Throughout the world there is a prevalence of diabetes in various populations. The Brussels-based International Diabetes Foundation believes the current number of people with the disease is 415 million.  It is estimated there will be 439 million people affected by  2030 with the disease and 642 million people will have the condition by 2040 (Chatterjee et al., 2017). Diabetes is found in 9.7 percent of Chinese adults (Zhang et al., 2017). In the UK, over four million people have diabetes with 90 per cent having type 2. It is thought that around one million in the country have diabetes without even realising it.

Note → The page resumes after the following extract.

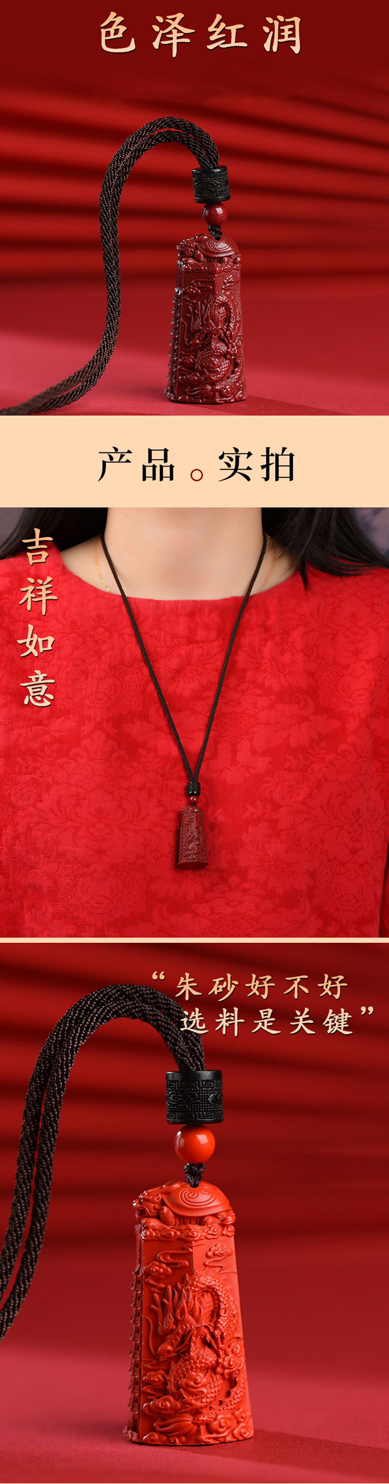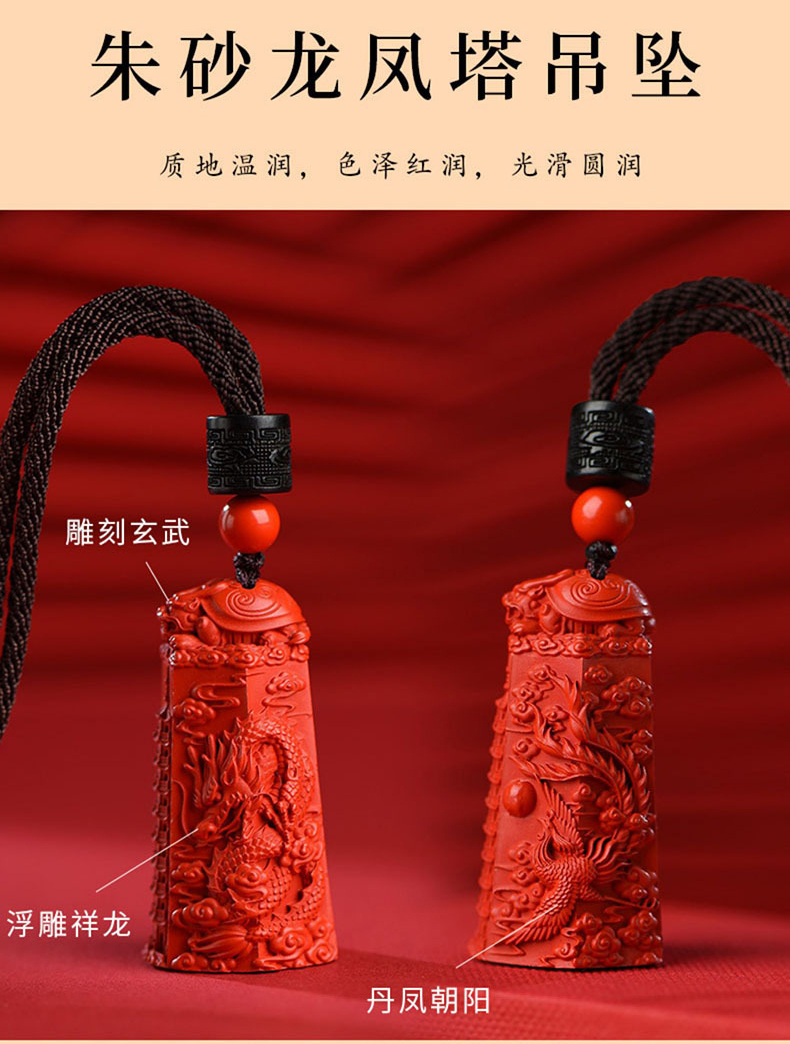 太清朱砂龙凤柱文昌塔吊坠红砂

Diabetes is currently the sixth most common cause of morbidity and mortality affecting both young and middle-aged people.

Metabolism Of Glucose

There are a number of features of diabetes which are common to all three. We metabolise carbohydrates and sugars. All these energy molecules are broken down to one particular type, glucose which is a universal energy compound. Whilst this is a simplistic assessment of where our energy  sources come from, this particular sugar is most often or not, the fuel our cells use. For this energy to be used by cells requires a signal provided by the hormone insulin. With diabetes, we either simply do not make enough or when we do, the cell cannot recognise the signal or a combination of both.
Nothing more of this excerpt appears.